Cool, so that's certainly new. But even then, you're dealing with the Raft protocol. The different is it's built into Nomad compared to Kubernetes where it's a separate service. I just don't see Nomad and Co being that much easier to run, if at all.

I think Nomad's biggest selling point is that it can run more than just containers. I'm still not convince that's it's much better. At best it's equal.


> you're dealing with the Raft protocol. The different is it's built into Nomad compared to Kubernetes where it's a separate service

I don't really follow this. etcd uses raft for consensus, yes, and it's built in. Kubernetes components don't use raft across independent services. Etcd is the only component that requires consensus through raft. In hashi stack, vault and nomad (at least) both require consensus through raft. So the effect is much bigger in that sense.

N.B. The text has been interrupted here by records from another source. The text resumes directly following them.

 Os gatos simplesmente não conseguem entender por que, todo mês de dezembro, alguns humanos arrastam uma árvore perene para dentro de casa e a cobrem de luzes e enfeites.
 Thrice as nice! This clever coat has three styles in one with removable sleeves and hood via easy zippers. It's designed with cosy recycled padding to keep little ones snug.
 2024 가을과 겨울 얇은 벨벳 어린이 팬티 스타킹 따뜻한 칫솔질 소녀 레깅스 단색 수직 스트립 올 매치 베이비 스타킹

> I think Nomad's biggest selling point is that it can run more than just containers. I'm still not convince that's it's much better. At best it's equal.

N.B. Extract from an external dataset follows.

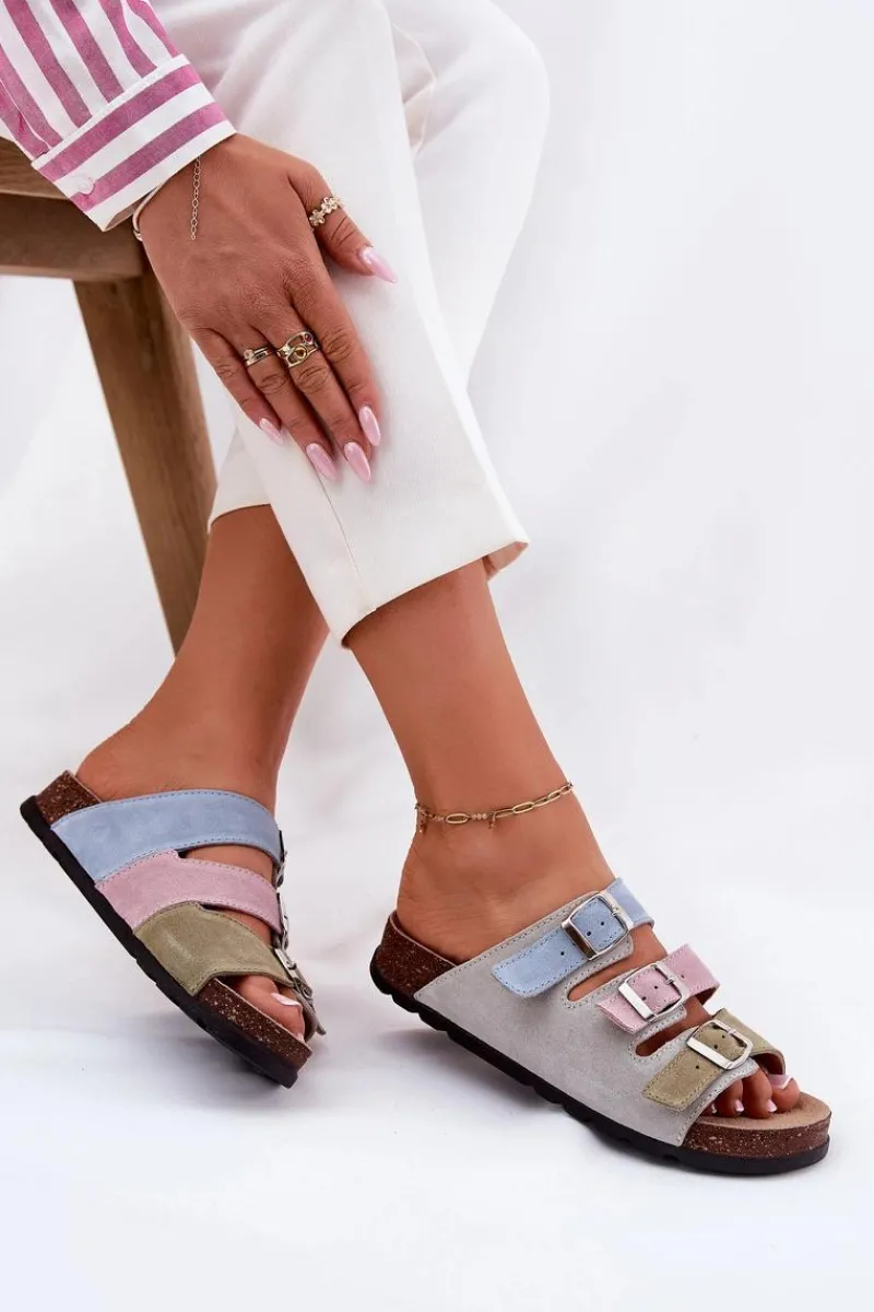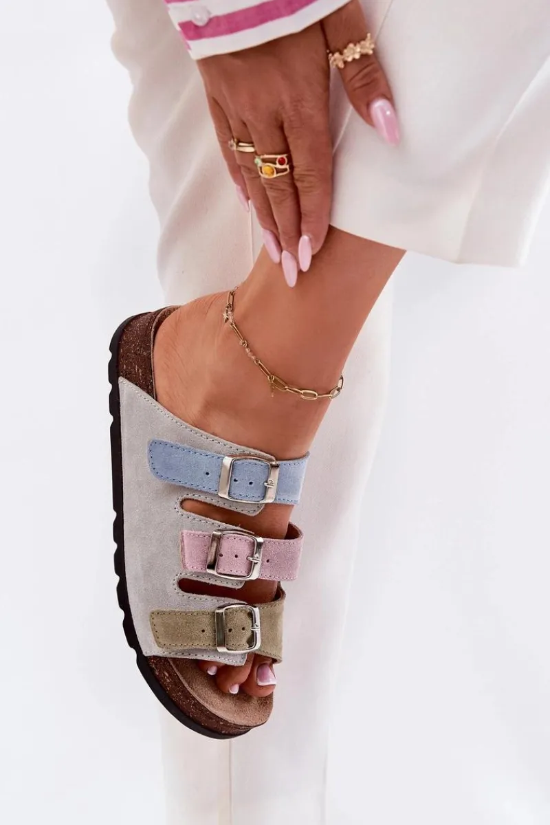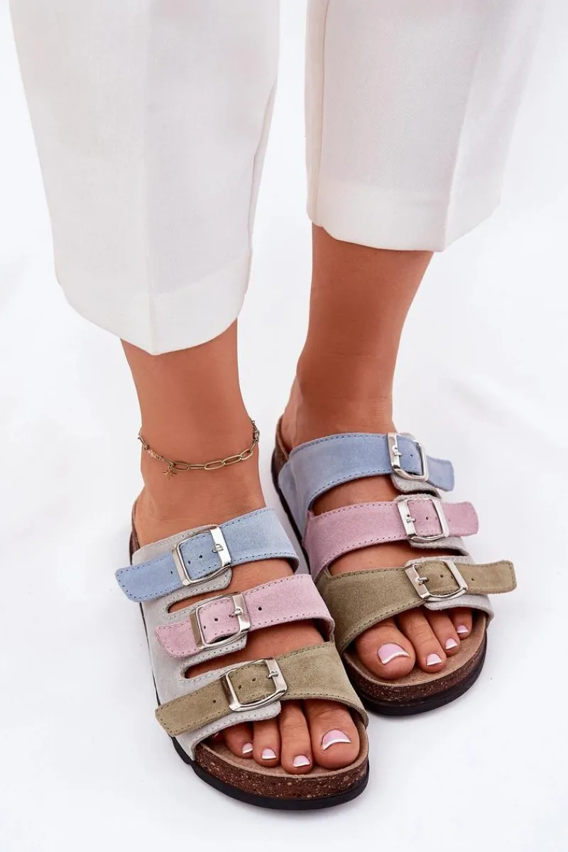 Damskie klapki wykonane z naturalnego zamszu to elegancka i modna propozycja na ciepłe dni. Osadzone na platformie, oferują komfort i stabilność przez cały dzień. Model wyróżnia się trzema regulowanymi paskami z klamrami, które pozwalają na idealne dopasowanie do stopy. Te stylowe klapki będą doskonałym uzupełnieniem letnich stylizacji, łącząc funkcjonalność z nowoczesnym wyglądem. Przy wyborze rozmiaru prosimy sugerować się tabelą rozmiarów.

Totally agree. The driver model was very forward looking compared to k8s. CRDs help, but it's putting a square peg in a round hole when you want to swap out Pods/containers.


It's not that circular - you start with Consul, add Vault and then Nomad, clustering them through Consul and configuring Nomad to use Vault and Consul for secrets and KV/SD respectively. And of course it can be done incrementally ( you can deploy Nomad without pointing it to Consul or Vault, and just adding that configuration later).


I don't mean a literal circular dependency. I mean the documentation doesn't clearly articulate how to get to having all 3x in a production ready configuration without bouncing around and piecing it together yourself.

For example, you mention starting with consul. But here's a doc on using Vault to bootstrap the Consul CA and server certificates: https://learn.hashicorp.com/tutorials/consul/vault-pki-consu...

So I need vault first. Which, oops, the recommended storage until recently for that was Consul. So you need to decide how you're going to bootstrap.

Vault's integrated Raft storage makes this a lot nicer, because you can start there and bootstrap Consul and Nomad after, and rely on Vault for production secret management, if you desire.


> This is just false.

No it isn’t.

> I've run Vault in an Enterprise

At this point I am starting to doubt that claim.


It has been longer than 12 months that Vault has had integrated storage.